In Fig. 15 we show a snapshot and the full executed trajectory for both cases. Observe the MAVP’s smooth, safe and agile execution of the task which includes the use of full spatial avoidance exploiting the available horizontal and vertical space around the obstacle (video shows this clearly). NMPC’s predictive capability means load is actively swung away from the human’s direction of motion to avoid a potential load-human collision. The minimum MAVP to human separations for the perpendicular and diagonal crossing task were 0.45 m and 0.61 m.

6.3.2 Two humans walking randomly

Two humans walk for 150 s in random directions crossing the MAVP’s path. The MAVP autonomously follows a goal position moving anti-clockwise with a 7 s period along a circle with radius 1.5 m and a constant 1.4 m height. Experiment was conducted in a larger workspace measuring \(3.2\times 3.2\,\hbox {m}\).

In Fig. 16 we show a snapshot from our experiment alongside the system’s closest approach to the humans and the framework/NMPC loop time. As shown in Fig. 16c, a safe distance is maintained by the MAVP from the humans with no collisions over the entire run; the minimum observed separation was 0.38 m from to the human’s collision avoidance limit. In some cases the humans were apprehensive about the MAVP getting too close so they would perform a precautionary evasive motion, however, as shown in Fig. 16c, the MAVP still always maintains a safe separation. To address observable closeness, it is possible to enlarge the obstacle associated buffers to increase the separation.

Observe from Fig. 16d that the NMPC solve time resembles the statistics obtained from the simulated study with two dynamic obstacles as shown in Fig. 9, therefore, the NMPC computation performance is preserved going from a simulation to the experimental setup.
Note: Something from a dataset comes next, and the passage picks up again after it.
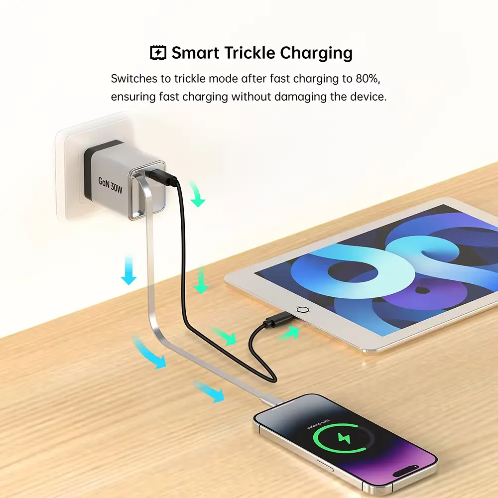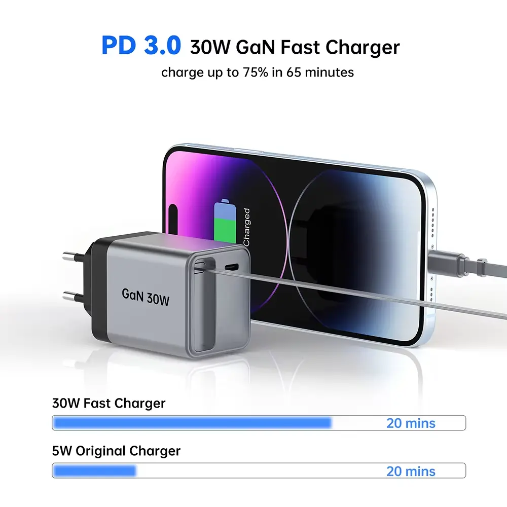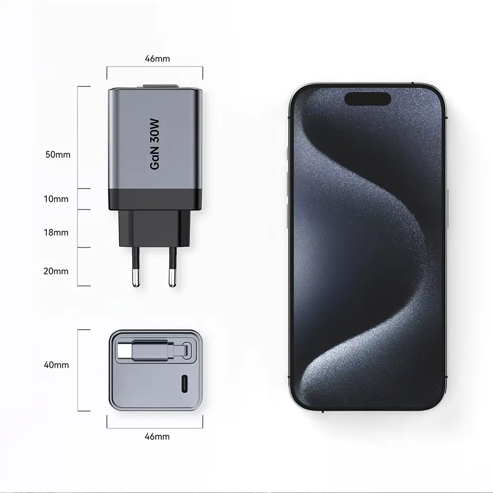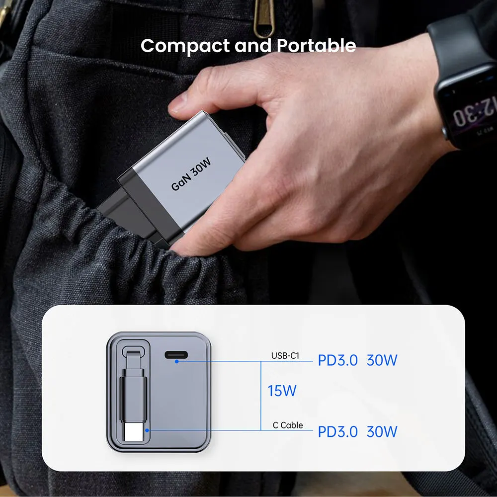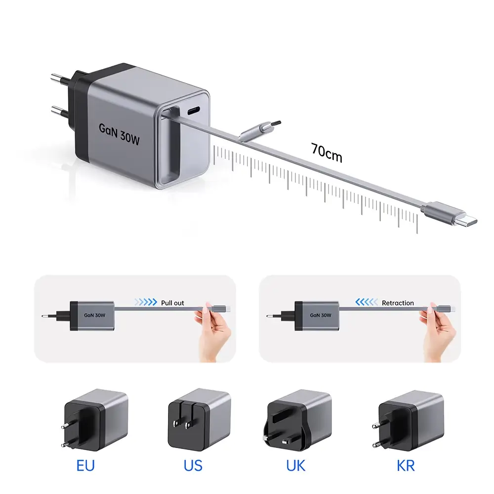 Izjemno lahek hitri polnilnik z močjo 30 W in izvlečnim kablom tipa C omogoča enostavno prenašanje. Je odlična izbira za dom, pisarno ali potovanje.

As the optimiser is initialised using the time-shifted previous solution, a roughly constant solve time is achieved. Spiking occurs when the optimiser’s iterative solver requires more time to compute solutions which primarily occurs when considerable re-planning is required. Examples where we observed spikes included situations where the humans would inhibit the NMPC planner from feasibly planning a path to go to the goal position, or the MAVP would be trapped. The spikes only lasted one to two time-steps so observations showed the overall performance was not degraded. Specific to experiments is a mean 25 ms overhead (on top of NMPC solve time) associated with the framework’s state estimation, communication and data parsing. The low overhead means controller’s performance is not severely affected.
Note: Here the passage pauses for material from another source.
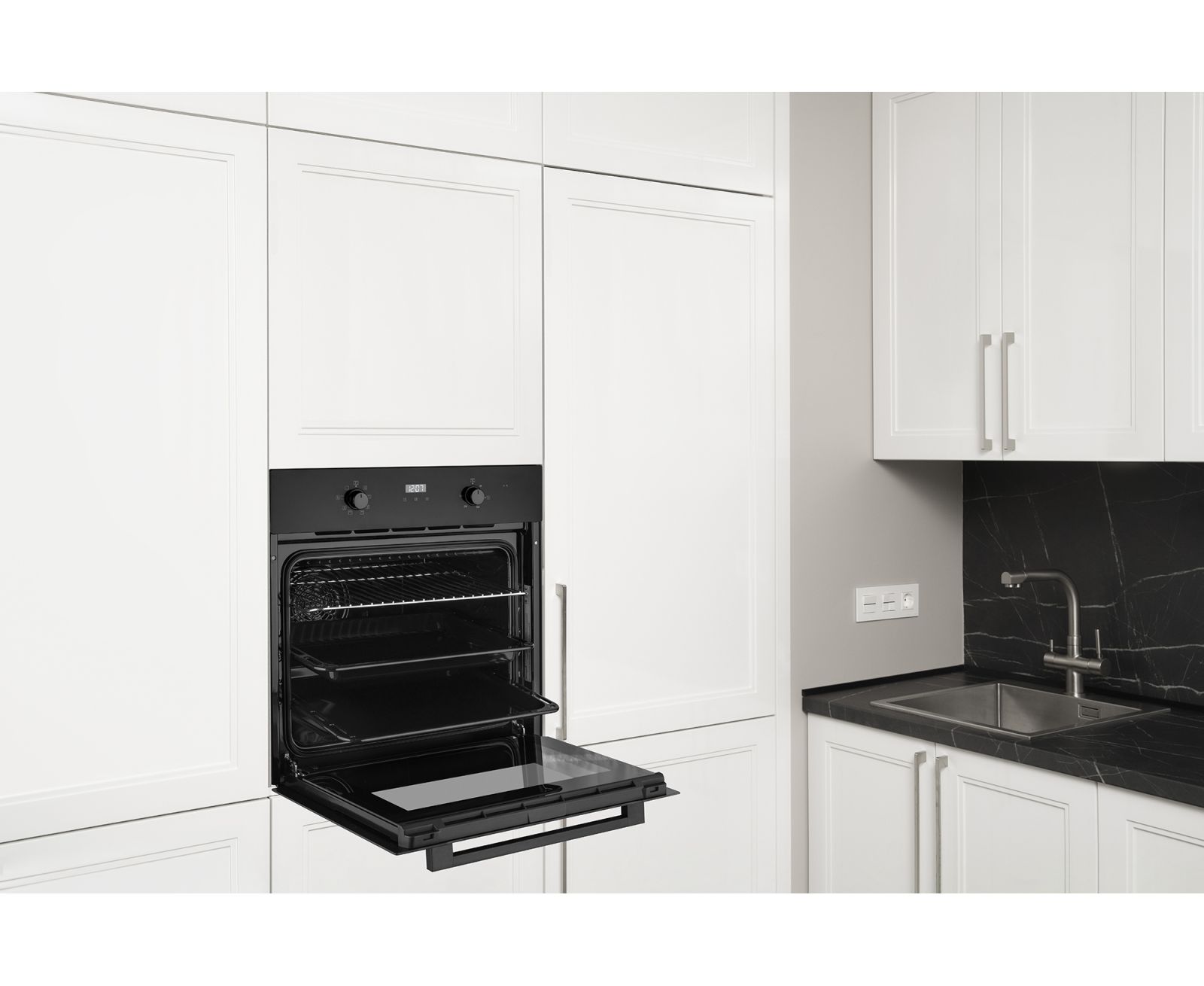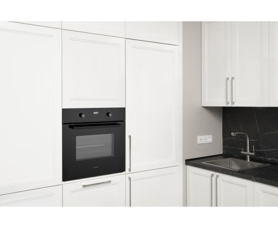 Электрический духовой шкаф от Weissgauff, выполненный в чёрном цвете, оснащенный утапливаемыми рукоятками PIPO, сенсорным программатором, а также крупным дисплеем с индикацией белого цвета, имеет 3 стекла в дверце, а богатый выбор программ откроет перед вами сразу 9 режимов, каждый из которых раскроет новые возможности приготовления вкуснейших блюд!

Thanks to its online and receding-horizon nature, our method can execute agile and safe continuous manoeuvres and avoid dynamic obstacles such as humans. Our method is extendable to larger spaces with more humans/obstacles as we have already demonstrated in simulation with eight obstacles.

7 Conclusion

In this paper, we presented an optimisation based unified motion planner and controller to accomplish online, closed-loop and agile flight of a Micro Aerial Vehicle slung payload system. We formulated the optimisation objective function, constraints and relied on a state of the NMPC solver to achieve collision-free flight in dynamic environments over various complex tasks including flying through a narrow opening and avoiding moving humans. With simulation and experimental studies we demonstrate the method’s (i) scalability with the planning stages and the number of obstacles, (ii) robustness to different controller time-step durations and input execution lags, (iii) adaptability and repeatability over various complex tasks, and (iv) fast online performance in experimental conditions. For future studies we recommend the method’s extension to non-rigid cables, improving the model’s realism, accuracy and consequentially the NMPC prediction performance. Furthermore, a study involving variations of the model parameters would showcase the generality of the approach to different systems and setups. Also, due to our reliance on off-board NMPC control and motion capturing we limited our experiments to indoor spaces, however, with the controller frequency achieved off-board, we believe on-board computations would be feasible with hardware available today. Combining our method with contemporary obstacle detection, localisation and state estimation techniques could make urban MAVP operation a reality.